Sepinwall noted that the distinctions are more subtle and difficult to grasp that many may have thought initially. “I want to allow that whatever the baker is producing might not have the kind of expressive content that a poem would have or a portrait of a couple would have and yet at the same time, to recognize that there is something expressive in any good or service,” she said.

She pointed to the hypothetical example of an African American baker being asked to bake a generic cake for an event organized by the Ku Klux Klan. “I think I have a reason not to want to supply that cake, and it’s not because of anything the cake in its own right is going to express,” she said. “Instead, it’s about what I’m going to be expressing in having provided the cake, namely that I don’t think that this is event is so worthy of my opposition that I should forego the sale.”

Many people would have good reason to not want to be fostering or contributing to an event they oppose, she added. “Then the question becomes what events the government should treat with sympathy, in which of these cases of opposition should the government say, “Look, we see you oppose the event and we’re not going to compel you to provide the good or service.”

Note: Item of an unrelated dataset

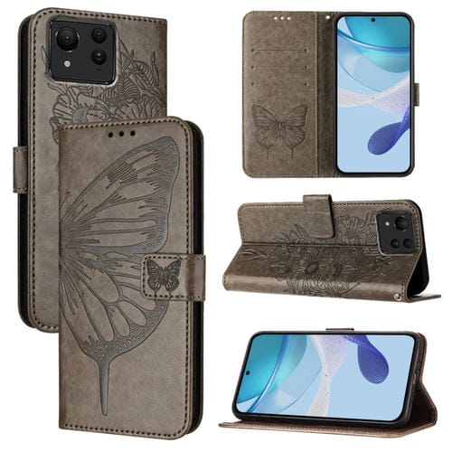 Funda de Cuero para Asus Zenfone 11 con Mariposa en Relieve Ultra (Gris)

In her work, Sepinwall has tried to articulate a distinction that would allow for some refusals “where the good or service is sought for a project that promotes hate.” She noted that there were cases in Colorado cited in the Supreme Court opinion in which a religious customer entered bakeries and asked for cakes with anti-gay messages. The bakers refused to provide the cakes in all three cases.

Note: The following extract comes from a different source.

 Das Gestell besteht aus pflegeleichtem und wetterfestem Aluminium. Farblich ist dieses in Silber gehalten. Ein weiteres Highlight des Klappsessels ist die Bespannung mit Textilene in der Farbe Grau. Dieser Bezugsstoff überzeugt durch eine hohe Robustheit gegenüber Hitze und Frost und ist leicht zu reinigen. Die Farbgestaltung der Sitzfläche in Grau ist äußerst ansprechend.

“We as a society have decided that there are some forms of discrimination that there is a clear consensus about within a community and that we think at least we can … draw these workable distinctions [for].”  –Tobias Barrington Wolff

“They didn’t do so because they were discriminating against the customer on the basis of religion; they did so because they, I think, rightfully recognized that the cakes were offensive,” she said. “I think that’s a really reasonable ground upon which to distinguish what these three bakeries were up to versus what Jack Phillips was up to.”

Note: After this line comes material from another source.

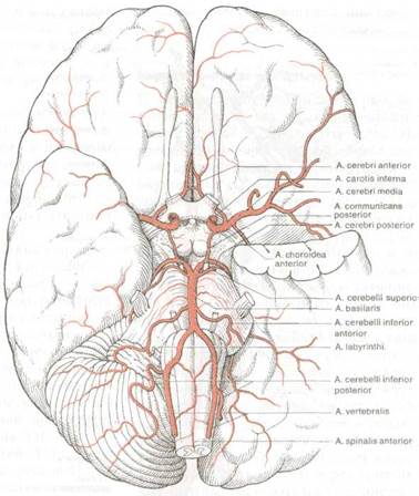Исходят из общих сонных артерий, берущих начало из брахиоцефального ствола справа и дуги аорты слева. На уровне щитовидного хряща общие сонные артерии делятся на наружные и внутренние. Наружные сонные артерии кровоснабжают верхнюю часть передних отделов шеи и лица и лобно-височные отделы черепа. Внутренне сонные артерии идут в глубине шеи и не отдают никаких ветвей. При прохождении через каротидные каналы каменистой кости и кавернозного синуса они отдают мелкие ветви ко дну среднего уха, твердой мозговой оболочке ската, полулунному узлу тройничного нерва и гипофизу. Ниже краниальных отверстий каналов зрительных нервов внутренние сонные артерии входят в субарахноидальное пространство и отдают глазничные артерии (аа. ophthalmicae), которые тотчас же заворачивают кпереди и проходят в орбиты через зрительные каналы, располагаясь под зрительными нервами. Они кровоснабжают все структуры орбиты: слизистую оболочку основной пазухи, клетки решетчатого лабиринта, большую часть полости носа, твердую мозговую оболочку передней черепной ямки. Они заканчиваются веточками, кровоснабжающими кожу лба, спинки носа, век и анастомозируют с лицевой и внутренней верхнечелюстной артериями, вляющимися ветвями наружных сонных артерий. Позвоночные артерии Являются первыми ветвями подключичных артерий. Они проходят через поперечные отверстия верхних шести шейных позвонков и входят в полость черепа между атлантом (первый шейный позвонок назван по имени титана Атланта из древнегреческой мифологии, в наказание поддерживавшего небесный свод) и боковым краем большого затылочного отверстия. Прежде чем попасть в полость черепа и позвоночные, и внутренние сонные артерии образуют S-образные сифоны, вероятно предназначенные для демпфирования пульсовых колебаний. Сонные артерии образуют свои сифоны в кавернозных синусах. Позвоночные артерии делают это по выходе из поперечных отверстий атланта. Эти артерии вначале идут кзади вдоль боковых поверхностей атланта, затем заворачивают вверх и медиально и входят в полость черепа с обеих сторон продолговатого мозга (рис. 8.33).

Wolff noted that the questions that have come up surrounding this case and others like it are not unique and have long been debated in other settings. “We as a society have decided that there are some forms of discrimination that there is a clear consensus about within a community and that we think at least we can … draw these workable distinctions [for],” he said.

But he added that such cases can still be difficult to decide based on the facts. “They are tough questions. These cases have brought a renewed focus on the fact that these are sometimes hard cases,” he noted. “But it would be a mistake to think that therefore what that means is that we just have to have these broad exemptions that allow businesses to turn away whomever they want to, because how can we draw these distinctions? These are the distinctions that we’ve always had to try to draw in administering these really important laws.”

The Supreme Court ruling doesn’t say anything about the right of businesses under the Constitution to turn customers away. What the Phillips case adds to the conversation, Wolff noted, is to say, “Where there’s a dispute about whether a business improperly turned a customer away, they need to have a neutral and unbiased tribunal decide that question.”